The user account requires several permissions. At the time of publication, the following privileges were on the list:

GRANT CREATE SESSION TO c##dbzuser CONTAINER=ALL;
GRANT SET CONTAINER TO c##dbzuser CONTAINER=ALL;
GRANT SELECT ON V_$DATABASE TO c##dbzuser CONTAINER=ALL;
GRANT FLASHBACK ANY TABLE TO c##dbzuser CONTAINER=ALL;
GRANT SELECT ANY TABLE TO c##dbzuser CONTAINER=ALL;
GRANT SELECT_CATALOG_ROLE TO c##dbzuser CONTAINER=ALL;
GRANT EXECUTE_CATALOG_ROLE TO c##dbzuser CONTAINER=ALL;
GRANT SELECT ANY TRANSACTION TO c##dbzuser CONTAINER=ALL;
GRANT SELECT ANY DICTIONARY TO c##dbzuser CONTAINER=ALL;
GRANT LOGMINING TO c##dbzuser CONTAINER=ALL;
GRANT CREATE TABLE TO c##dbzuser CONTAINER=ALL;
GRANT LOCK ANY TABLE TO c##dbzuser CONTAINER=ALL;
GRANT CREATE SEQUENCE TO c##dbzuser CONTAINER=ALL;
GRANT EXECUTE ON DBMS_LOGMNR TO c##dbzuser CONTAINER=ALL;
GRANT EXECUTE ON DBMS_LOGMNR_D TO c##dbzuser CONTAINER=ALL;
GRANT SELECT ON V_$LOG TO c##dbzuser CONTAINER=ALL;
GRANT SELECT ON V_$LOG_HISTORY TO c##dbzuser CONTAINER=ALL;
GRANT SELECT ON V_$LOGMNR_LOGS TO c##dbzuser CONTAINER=ALL;
GRANT SELECT ON V_$LOGMNR_CONTENTS TO c##dbzuser CONTAINER=ALL;
GRANT SELECT ON V_$LOGMNR_PARAMETERS TO c##dbzuser CONTAINER=ALL;
GRANT SELECT ON V_$LOGFILE TO c##dbzuser CONTAINER=ALL;
GRANT SELECT ON V_$ARCHIVED_LOG TO c##dbzuser CONTAINER=ALL;
GRANT SELECT ON V_$ARCHIVE_DEST_STATUS TO c##dbzuser CONTAINER=ALL;
GRANT SELECT ON V_$TRANSACTION TO c##dbzuser CONTAINER=ALL;

Creating a new user is done. Let’s open a new terminal and use SQL*Plus to connect to the database with new user:

docker exec -it -e ORACLE_SID=ORCLPDB1 desktop-oracle-1 sqlplus c##dbzuser@ORCLPDB1
Enter password: dbz

And create a new table with some sample data:

CREATE TABLE customers (id number(9,0) primary key, name varchar2(40));
INSERT INTO customers VALUES (9000, 'MongoDB');
INSERT INTO customers VALUES (9001, 'OracleDB');
INSERT INTO customers VALUES (9002, 'PostgreSQL');
INSERT INTO customers VALUES (9003, 'MariaDB');
INSERT INTO customers VALUES (9004, 'MySQL');
INSERT INTO customers VALUES (9005, 'ClickHouse');
COMMIT;

ALTER TABLE customers ADD SUPPLEMENTAL LOG DATA (ALL) COLUMNS;

We’re done with Oracle side. Just need to deploy Kafka Connect. So we can connect the Kafka Connect container:

docker exec -it desktop-kafka_connect-1 /bin/bash

The above configuration is stored in a file called oracle.json in the /kafka directory. To register the connection with Kafka Connect, open a new terminal window and run the curl command to start worker:

curl -H 'Content-Type: application/json' kafka_connect:8083/connectors --data "@oracle.json"

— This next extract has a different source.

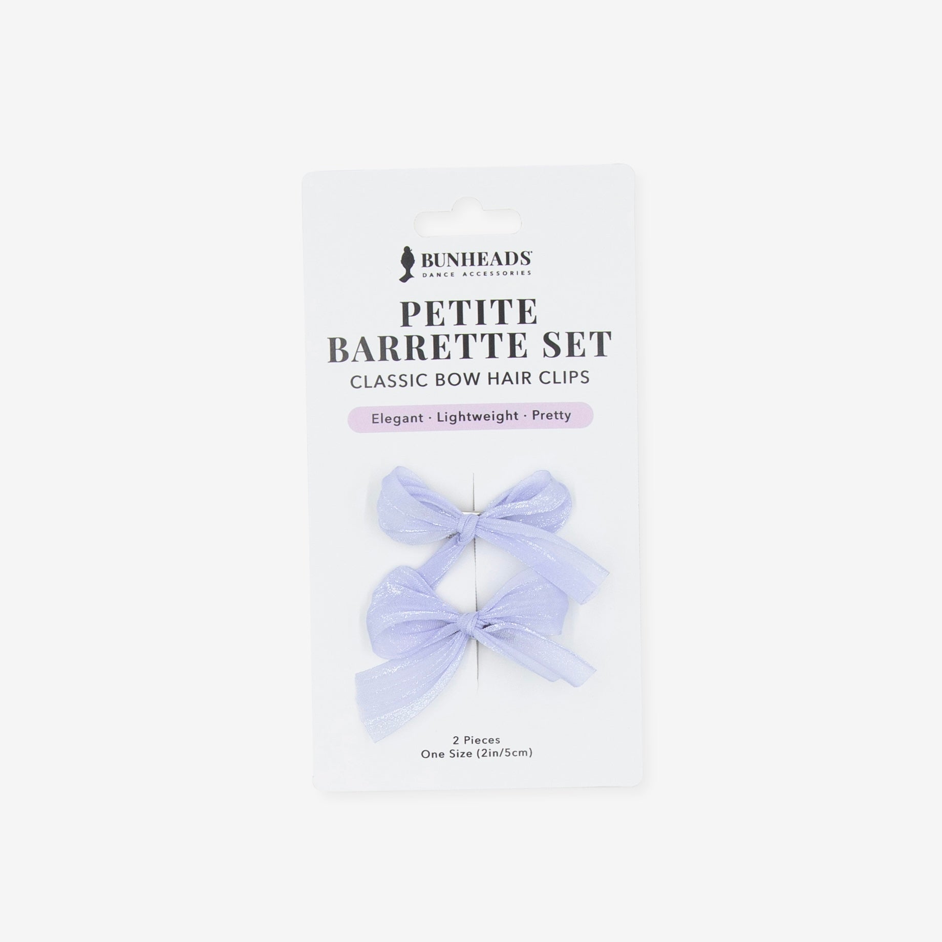 Add an elegant touch to any hairstyle with the Bunheads petite barrette set. Each soft, lightweight fabric bow is perfectly pre-tied on a miniature alligator clip for comfortable, all-day wear. Designed to complement all hairstyles and lengths, these stylish barrettes are the perfect finishing touch to any outfit. Contains 2 bow hair clips. BH1730

By using the Kafka console consumer tool and reading the contents of the topic to the local terminal, we can ensure that the data exists in Kafka:

docker exec -it desktop-kafka-1 /bin/bash

Let’s check the topics and topic messages:

/usr/bin/kafka-topics --list  --bootstrap-server kafka:9092
/usr/bin/kafka-console-consumer  --bootstrap-server kafka:9092  --topic dbz.C__DBZUSER.CUSTOMERS --from-beginning

After migrating our data to the Kafka, we can use with ChistaDATA Python Connector to conclude migration process. The ChistaDATA Python Connector, which enables the migration from Kafka to ClickHouse, is the most robust tool in the market in terms of restart issues and supported data types. The most current data that was sent to ClickHouse is known to the ChistaDATA Python Connector. As a consequence, you may be certain that migration will continue where it left off in the event that your machine needs to be restarted.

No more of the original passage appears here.